According to the US Cybersecurity and Infrastructure Security Agency, application and website developers have a lot to do with the current resurgence of personal data leaks and thefts.
CISA and its Australian counterpart released a joint report finding that personal data leaks are increasingly costly and frequent. “Millions of people’s personal, financial and medical information has been stolen through a particular type of website vulnerability,” they said. IDOR, or “Insecure Direct Object References”. This flaw is indeed very common, because on closer inspection, it is a very common pattern in the web of today.
The CISA takes the example of a fictitious site, through which the personal data of a user can be accessed by entering his identifier in the request parameters, in the URL address. Under the form, www.dangeroussite.com?id=USERIDENTIFIER. In theory, the whole part after “?id=” should be encrypted, so that no one knows the real user ID. In practice, this is not the case, and hackers steal data with this little bit of information seemingly innocuous.
According to the United States, developers are primarily responsible for data theft
According to US Cybersecurity authorities, this IDOR flaw is very common.
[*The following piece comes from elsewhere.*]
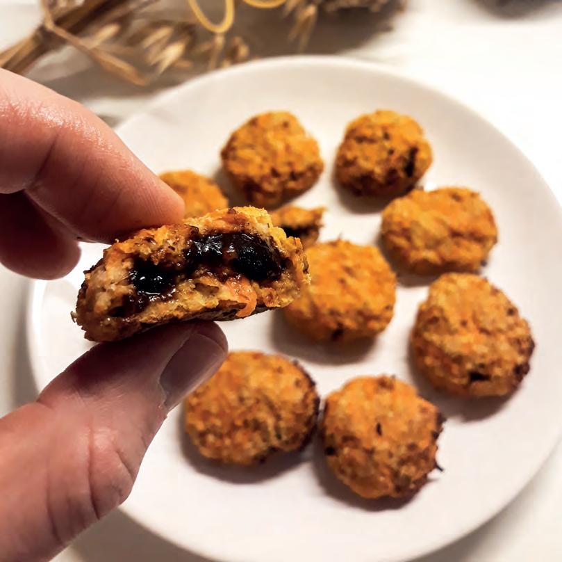 Do mísy si nasypeme 100 g vloček, které pomocí tyčového mixéru rozmixujeme na mouku. Mrkev si očistíme, ostrouháme pomocí škrabky a nastrouháme na jemném struhadle. Nastrouhanou mrkev přidáme k vločkám a přimícháme tvaroh. Vznikne nám hustá konzistence. Následující postup je už snadný. Vždy si vezmeme kousek těsta, z něj si na dlani vytvarujeme malou placku, na placku namažeme trochu povidel a dalším kouskem těsta povidla přikryjeme. Pečeme na 180 °C cca 13 minut. Nejchutnější jsou mrkvánky v den, kdy jsou upečené, ideálně ještě teplé.

Hackers take advantage of them because they are common, difficult to prevent outside of the development process, andthey can be exploited on a large scale […] These access control flaws therefore allow cybercriminals to modify, delete or access sensitive data by sending requests to a website or an API specifying the identification of other valid users. These requests are successful when proper authentication and authorization checks are not performed “.
Given the magnitude of the phenomenon, CISA is asking software publishers, designers, and developers to use automated code review tools such as Microsoft’s Security Copilot to identify IDORs and other vulnerabilities, as well as to use indirect references so as not to expose user identifiers and other resources. Above all, organizations are asked to carefully select software and services with whom they will work.